Patrick Meyer <patrick.meyer <at> internet.lu> writes:
:
: It does not exactly do what it is meant to... Instead of breaking down,
: my code is looping forever now... I think I will have a deeper look at
: it tomorrow...
:
: In fact, I have two lists: let's say L and N.
:
: An elements (or set) of N must be added to L, if and only if it is not a
: subset of an element of L.
:
: I think that the code you wrote does that, for each element of separately.

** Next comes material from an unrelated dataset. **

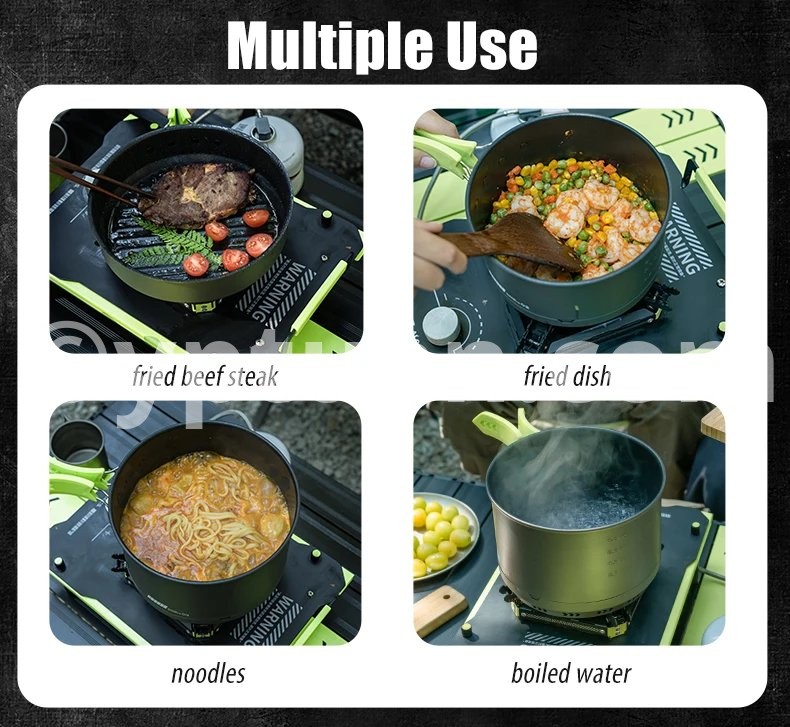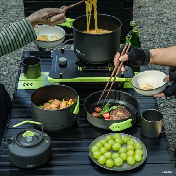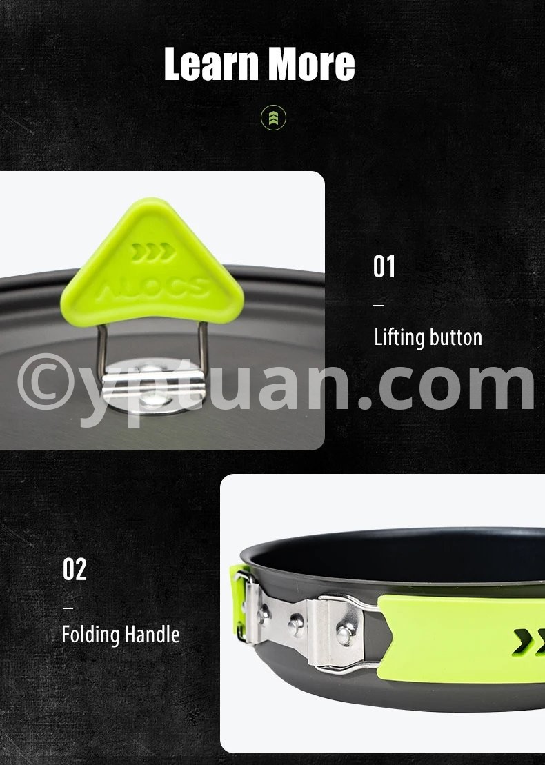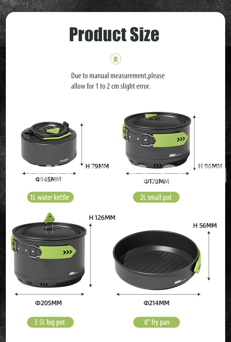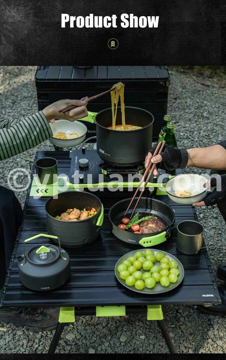 Alocs CW-C65 Camping Cookware Pots Fry Pan Water Kettle Set Compact Mess Kit Gear For Backpacking Travel Picnic Aluminum Alloy

If both arguments are lists, not a list and vector as you previously
described, then just lapply over the previous formula (here encapsulated
in the function) using a second outer lapply:
L <- c(L, N[unlist(lapply(N, function(x)
!any(unlist(lapply(L, setequal, x)))))])
:
: Couldn't this be a solution: add all the elements of N to L, and
: afterwards eliminate the sets which are present more than once? How
: could one eliminate these sets?
:
Yes but it would involve unnecessary comparisons between pairs in
L as well as unnecessary comparisons between pairs in N.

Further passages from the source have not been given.